Ms Gidley told BBC Radio 4’s Today programme: “Personally I do think we need to change things at the top, I think that the Lib Dem brand is now toxic.
“Unfortunately, Nick did a brilliant job leading us through the last election and he was very determined with what he wanted to do when it came to the coalition, but I don’t think we’ve handled the coalition well.”
Foreign Secretary William Hague declined to comment on whether Mr Clegg could remain Deputy Prime Minister if he is ousted as Liberal Democrat leader but insisted that Tories remained “determined” to continue in coalition right up to the general election.
He stressed that the Conservatives’ coalition was with the Liberal Democrat party as a whole, not just with its leader.
Asked about Mr Clegg’s position, Mr Hague told Sky News: “I am really not going to get into speculation. It is up to the Liberal Democrats.

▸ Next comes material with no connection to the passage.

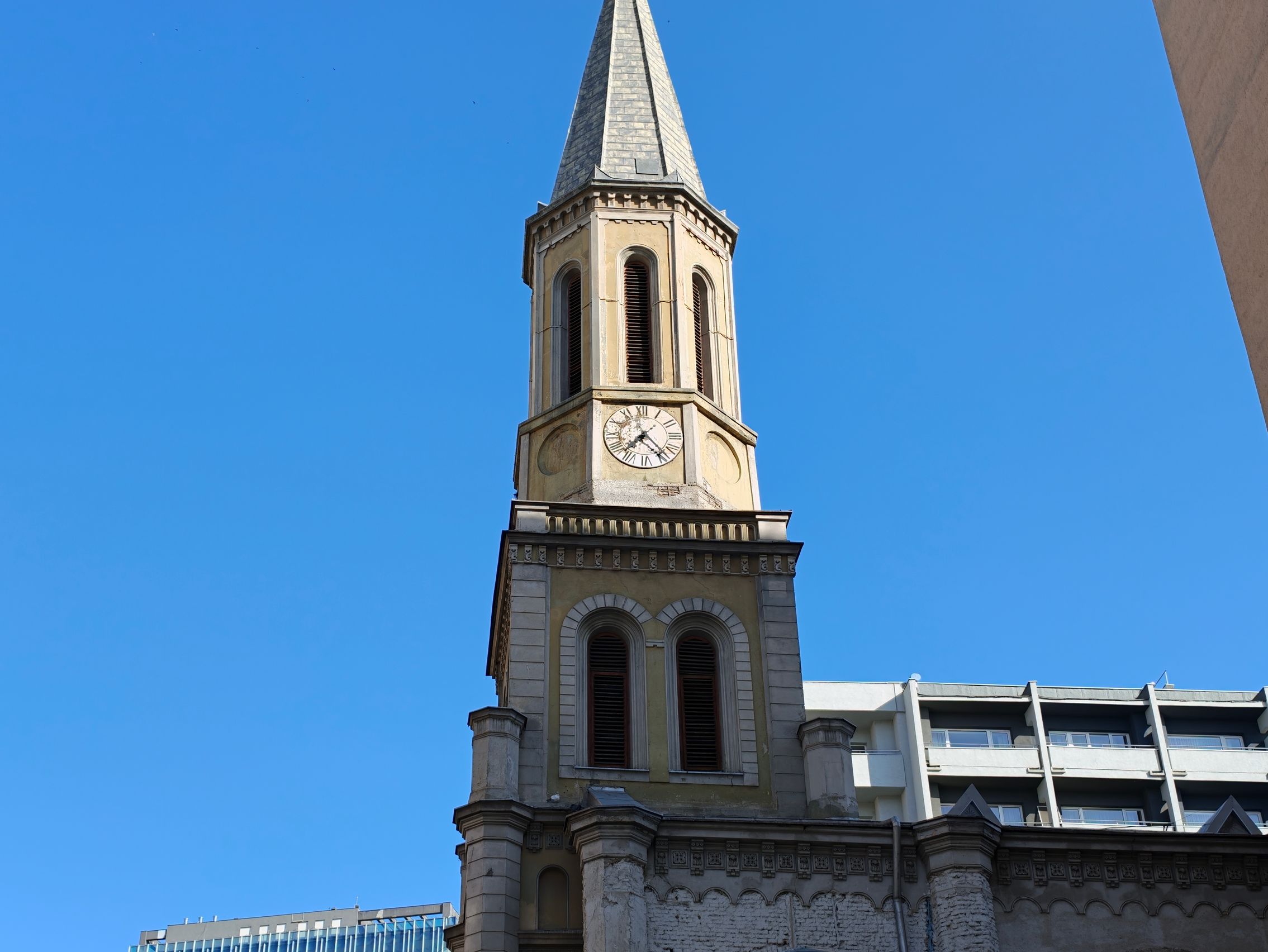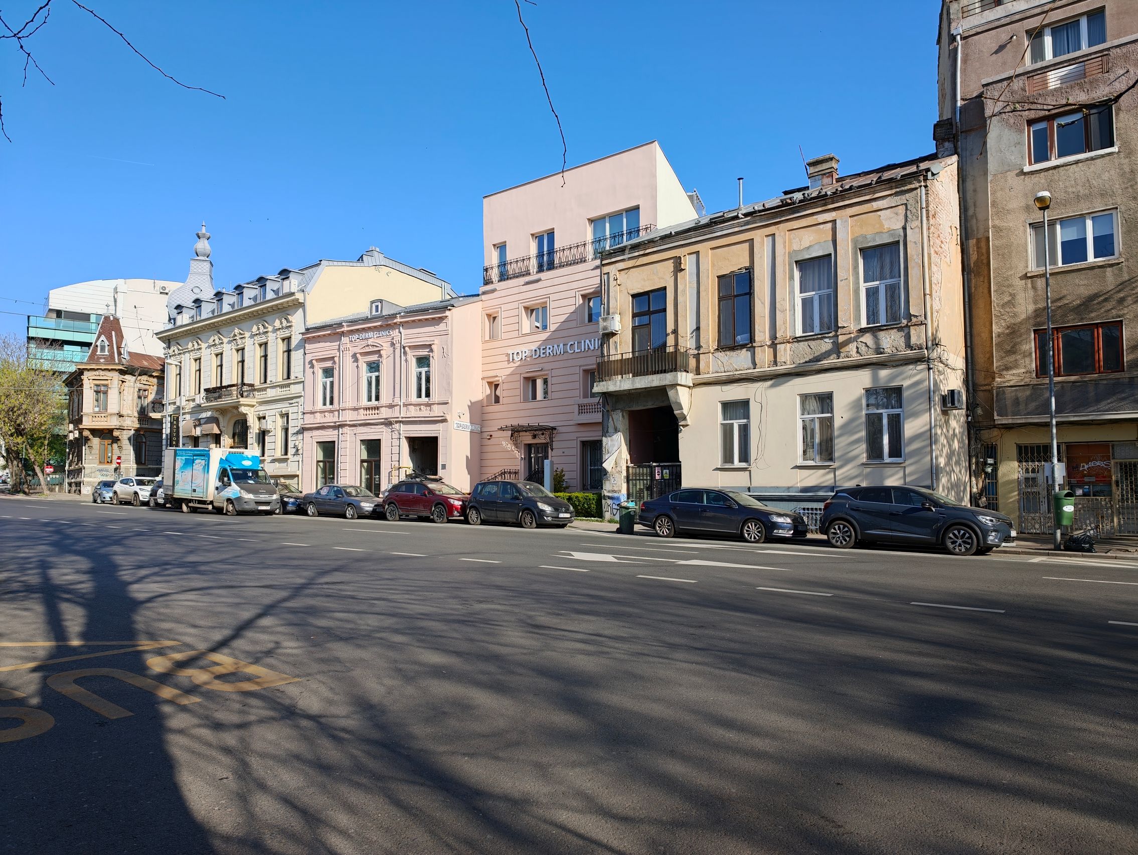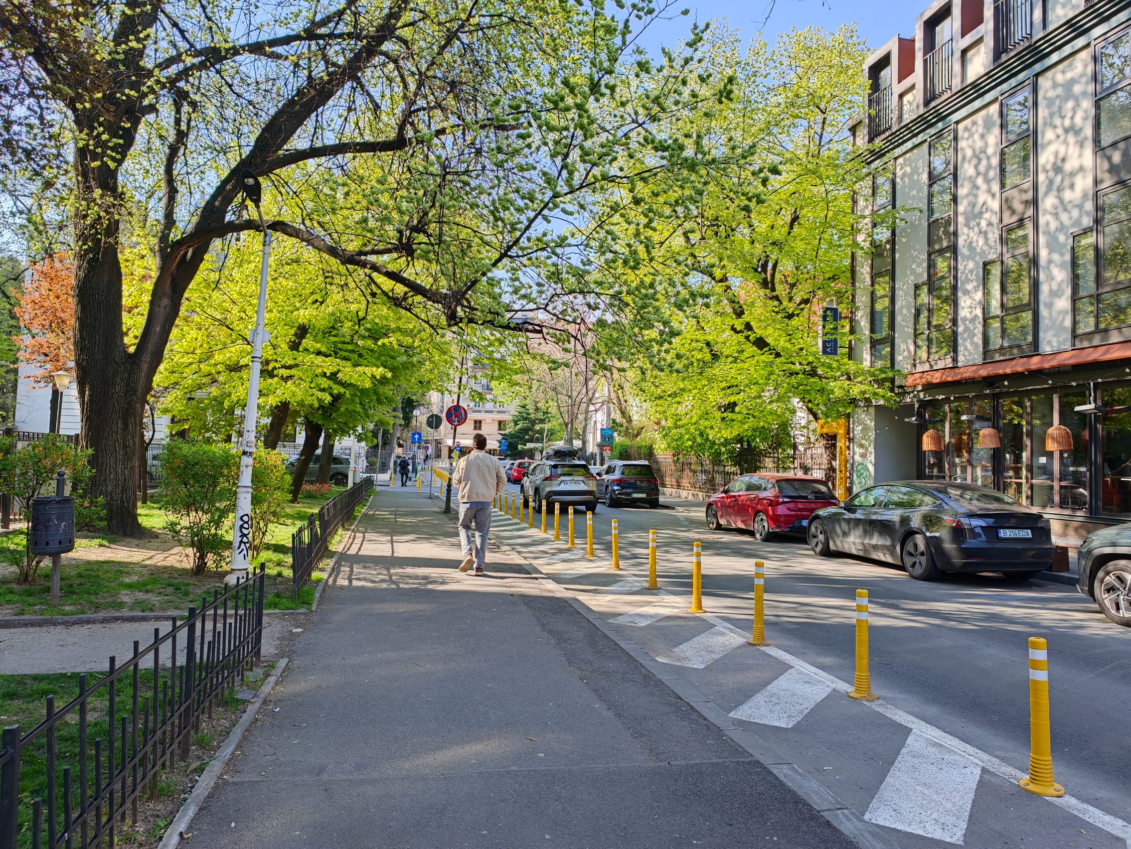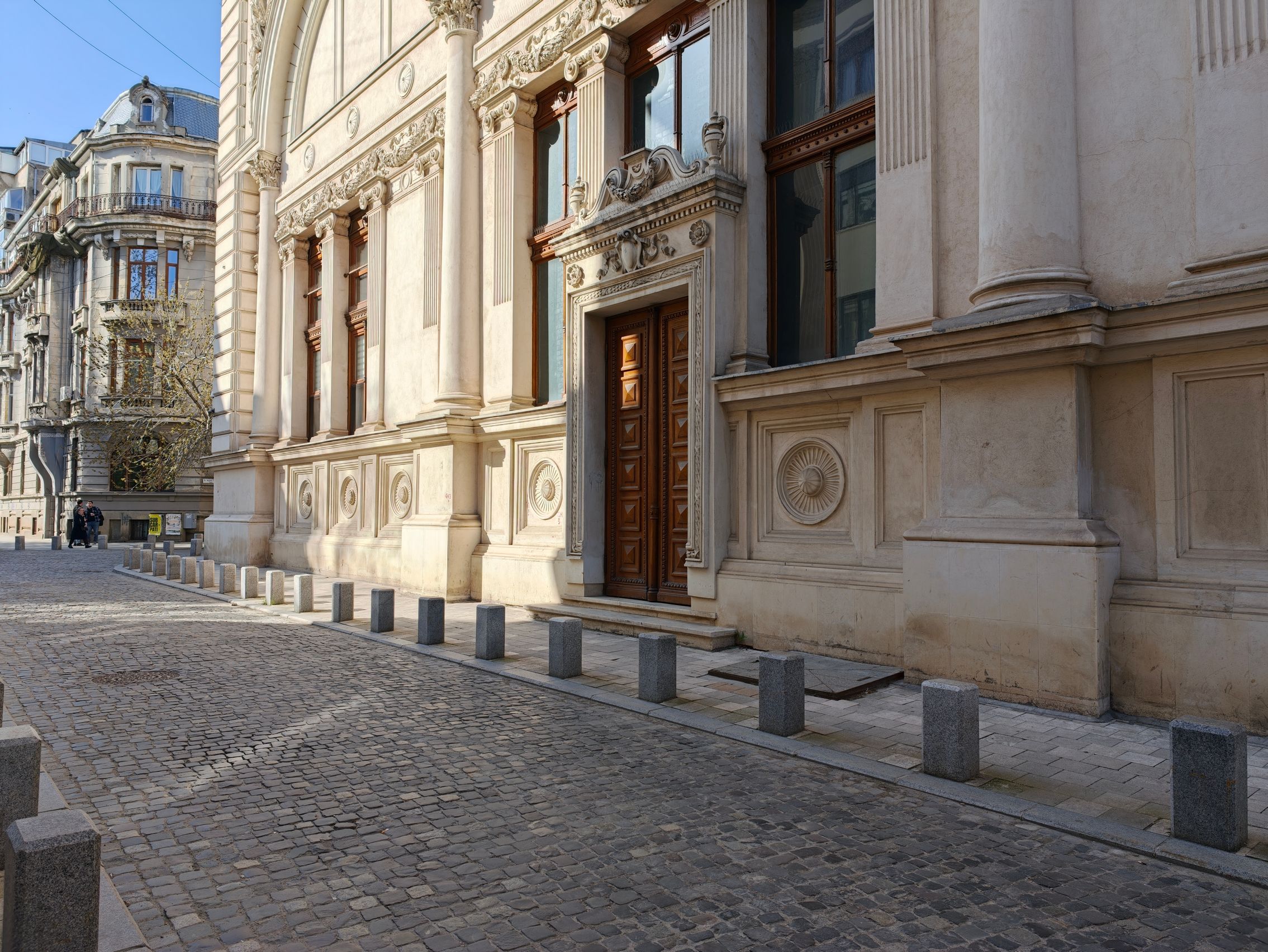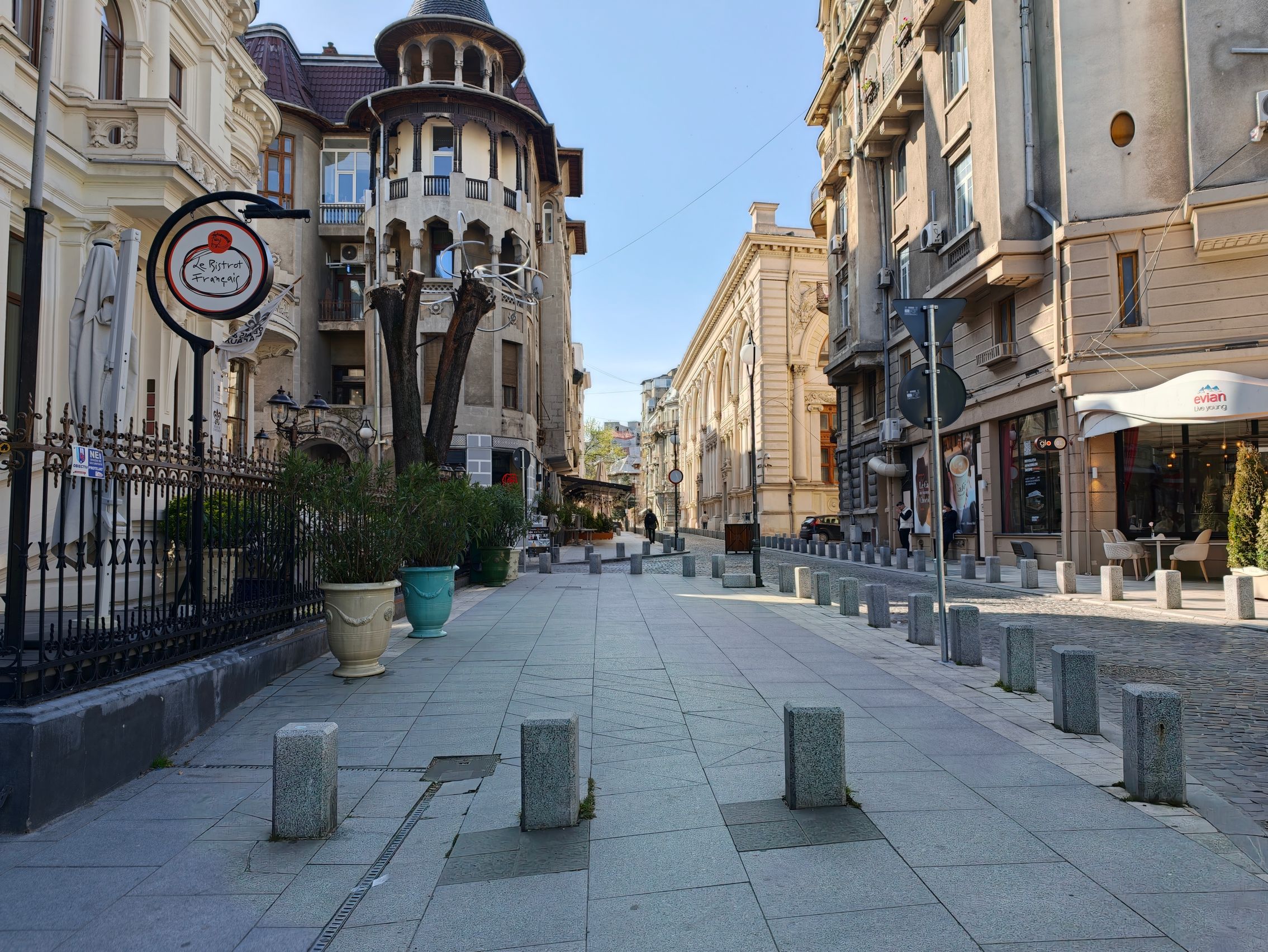 Are notă de trecere și la focalizarea pe decorațiile cu lămâi și fundal. Un alt test de zoom a fost făcut pe Ateneu și sunt tare mulțumit de ce văd aici. Spre final de tură foto/video am mai filmat și o străduță care avea un vibe parizian, cu multă vegetație, copaci, un cer albastru în zare și parcă optimizând mai bine pașii făcuți.

“We are in coalition with the whole Liberal Democrat party and the economic achievements that we are bringing about in this country are the Conservatives and Liberal Democrats working together in a coalition.
“We are all determined that is going to continue to the end of the Parliament.”
Former Liberal Democrat leader Sir Menzies Campbell told Today: “I haven’t come wearing a black tie and with a funereal voice. There’s no doubt in my mind that Nick Clegg is the person with the courage and the resilience to take the party through to and during, and indeed after, the next general election.
“I think there’s a serious risk from people like Sandra Gidley of us dipping into six weeks, or perhaps even three months, of damaging introspection.
“What happened in this election, particularly on the European side, is that the debate about Europe began and the person who began that debate was Nick Clegg making the case for Europe, when Labour were seeking to ignore Ukip and the Conservatives were unwilling to engage with them.
“That is a distinctive, and in my view wholly justified, position and one which I hope we will go on advocating.”
Sir Menzies said the results at a local and European level were “disappointing”, but urged the party not to panic. He said that only 200 people had signed the letter, out of 44,000 members of the party.
“People are saying ‘Oh dear’, but what you have to do is not panic,” he said.
“Of course there’s disappointment, but we’ve had disappointments in the past and what do you do? You go back to pounding the pavements, you go back to building up your strength in the way which we know best, by utilising the enormous competence and commitment which Liberal Democrats have locally.”
Ukip leader Nigel Farage predicted that Mr Clegg would be ousted before next year’s general election.
Mr Farage told BBC Radio 4’s Today programme: “Nick Clegg’s position clearly is very vulnerable indeed. I’d be very surprised if he led the Lib Dems into the next election.
“They have gone down to one seat and they’ve been beaten by the Greens in a national election, so I don’t think the Lib Dems will stick with that.”